(Saved entries)
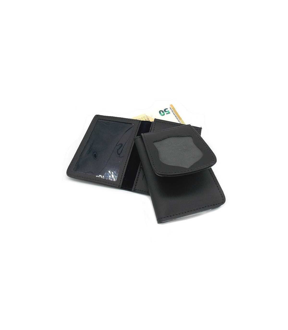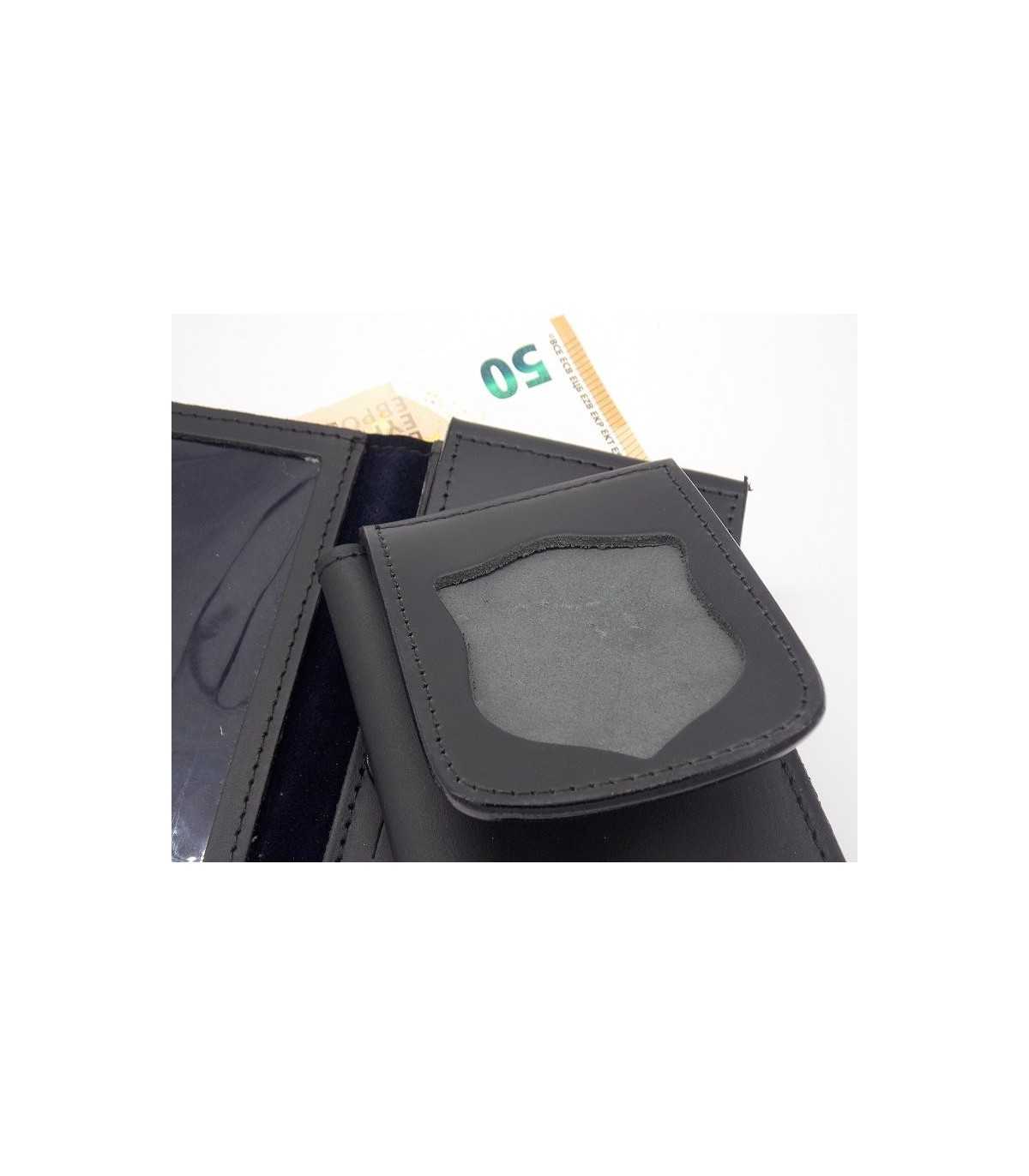 Leather wallet with neutral plaque holder with shield hole (hole: maximum height 7 cm, maximum width 5.5 cm)
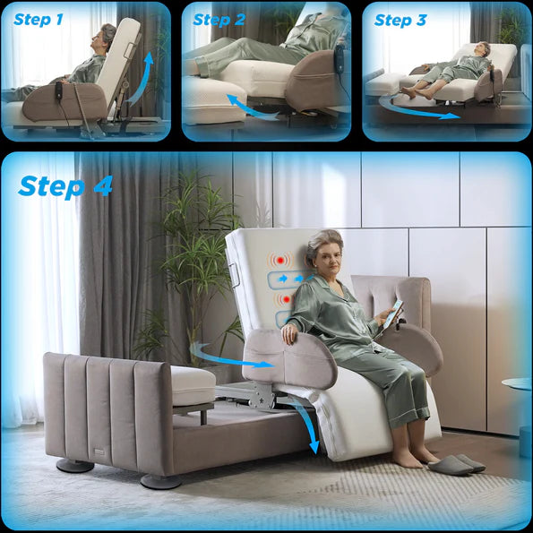 Featuring a motorized 90° rotation, this bed allows users to easily transition from lying down to a seated position, reducing strain on caregivers and enhancing user autonomy.
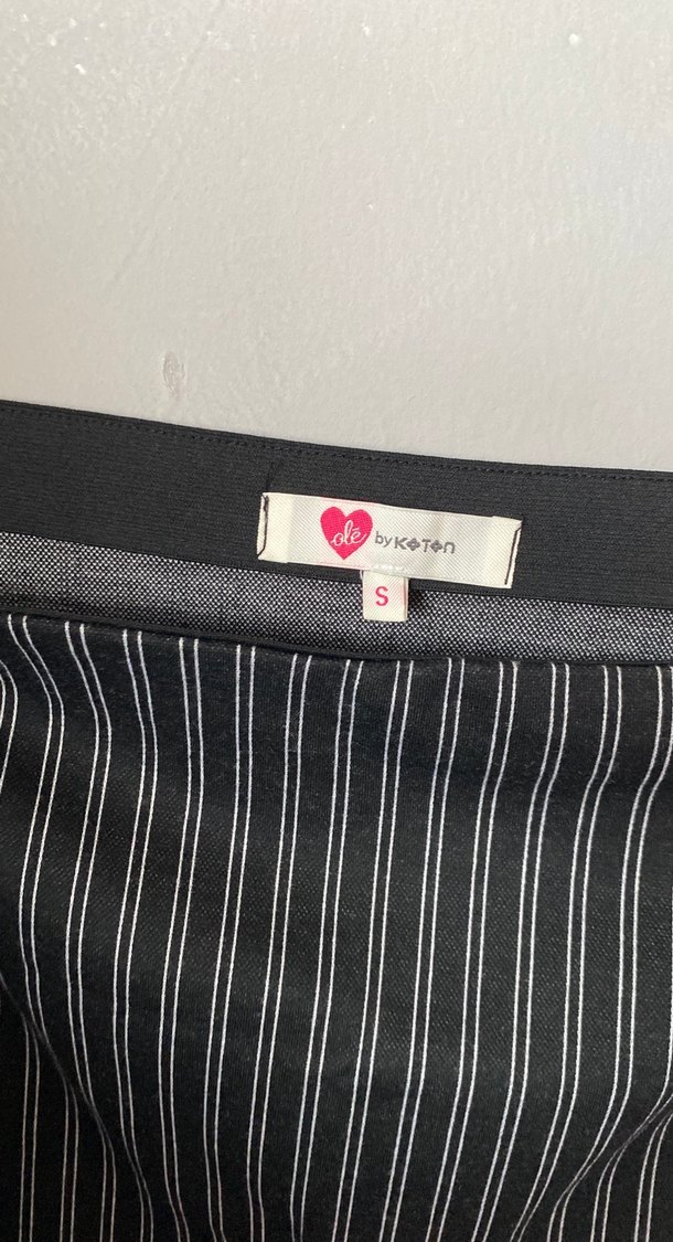Siyah ve gri çizgili, pilili ve beli oturan midi uzunlukta sentetik kumaştan hamile eteği. Günlük sokak stili için uygundur.
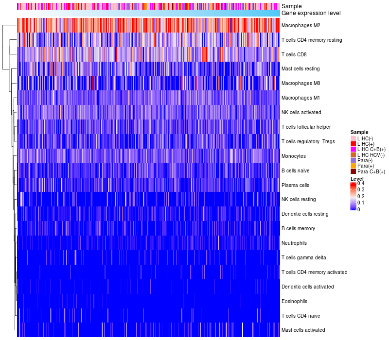Relationship between gene expression and immune infiltrating cell level
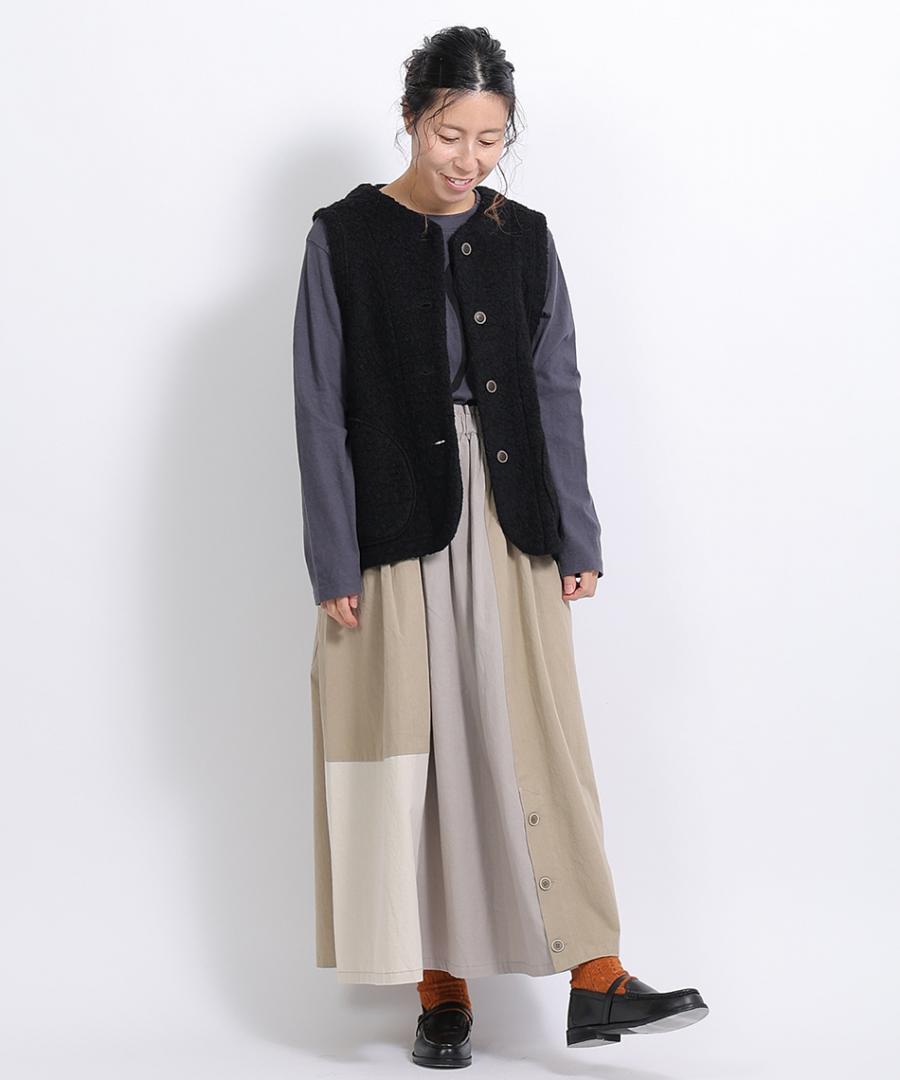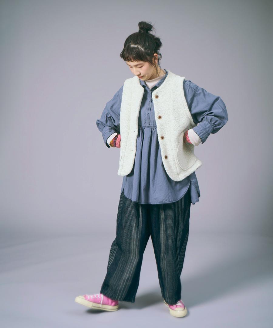 シンプルなデザインながらも天然素材の良さを感じる、日常使いにぴったりなベストです。
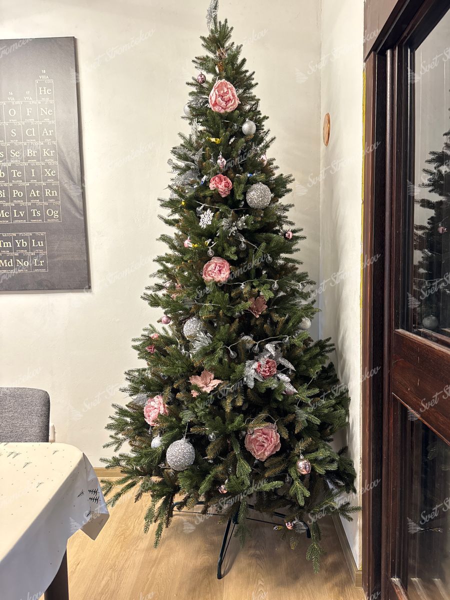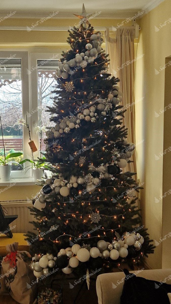 Šírku každého stromčeka nájdete dole nižšie v parametroch stromčeka. Realisticky vyzerajúce 3D vetvičky sú v strede stromčeka doplnené klasickými PVC vetvičkami, čo zabezpečuje hustotu stromčeka. Celý stromček je vyrobený z kvalitných materiálov.

TASK DETAILS → Begin at the first line of the records. Print every line through the one containing "Siyah ve gri" exactly, but skip the pictures.

TASK RESPONSE →
 Leather wallet with neutral plaque holder with shield hole (hole: maximum height 7 cm, maximum width 5.5 cm)
 Featuring a motorized 90° rotation, this bed allows users to easily transition from lying down to a seated position, reducing strain on caregivers and enhancing user autonomy.
Siyah ve gri çizgili, pilili ve beli oturan midi uzunlukta sentetik kumaştan hamile eteği. Günlük sokak stili için uygundur.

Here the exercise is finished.